Malaria attributable fractions, varied with an overall decline in the malaria transmission intensity in this setting but did not significantly impact the outcomes of analyses aimed at identifying immune correlates of protection. These data confirm the statistical advantage of using probabilities over binary data.


Asymptomatic carriage of malaria parasites is highly prevalent in areas with high malaria transmission as a result of naturally acquired immunity [1]. It is, therefore, likely that, in such areas, an individual with a non-malarial fever has coincidental parasitaemia. Since the likelihood of having fever generally increases with parasite density, [1,2,3] the assumption is that fever in the presence of parasitaemia necessarily constitutes clinical malaria. However, in high transmission settings [4], parasitaemia accompanied by fever may not be adequate to define an episode of clinical malaria and may lead to differential misclassification. Besides causing an overestimation of malaria burden in an area [1, 5], the misclassification complicates immunological and clinical trials where clinical malaria cases are an endpoint or one of the outcome variables. As an outcome variable, it is particularly important for identifying correlates of protection from clinical episodes to inform vaccine development.

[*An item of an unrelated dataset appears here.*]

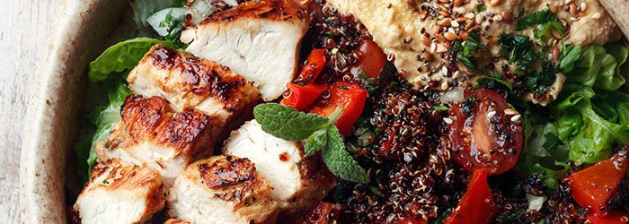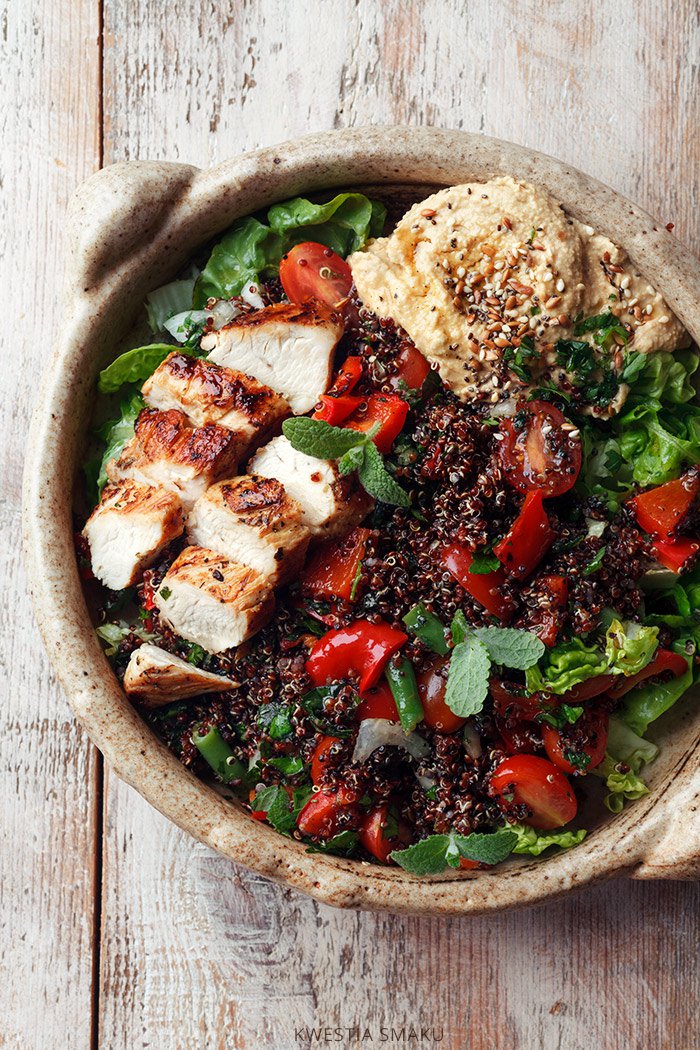 admin Sałatka z komosą ryżową, grillowanym kurczakiem, papryką i hummusem
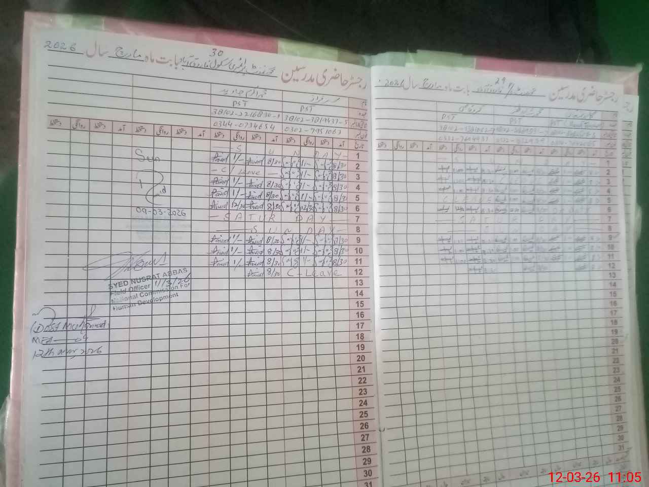 | CNIC | Full Name | Designation | R/C | Absence During Last Calender Month |

To overcome this problem of misdiagnosis, different studies have based the case definition of febrile malaria with parasite density above a locally defined threshold. The computation of malaria attributable fractions (MAF) or the proportion of fevers due to malaria parasites has been used to define different thresholds for parasitaemia [2, 3].

The classical method for deriving the attributable fraction is a simple numerator denominator approach [6] which is prone to bias when applied in high malaria transmission areas [5]. In high transmission settings, individuals may have parasites and not show clinical signs of malaria. Logistic regression models are typically used to handle this bias. The model determine the risk of the outcome as a continuous function of parasite density [1, 2] and have been widely used to obtain attributable fractions against a range of outcomes with parasitaemia as the exposure variable [1, 2, 7,8,9]. Additionally, a Bayesian latent class model of two-component mixture distributions was proposed to improve the estimation of attributable fractions [3]. The latent class model was developed to handle the limitation of imprecise or negative attributable fractions occasionally observed in standard logistic regression models [5].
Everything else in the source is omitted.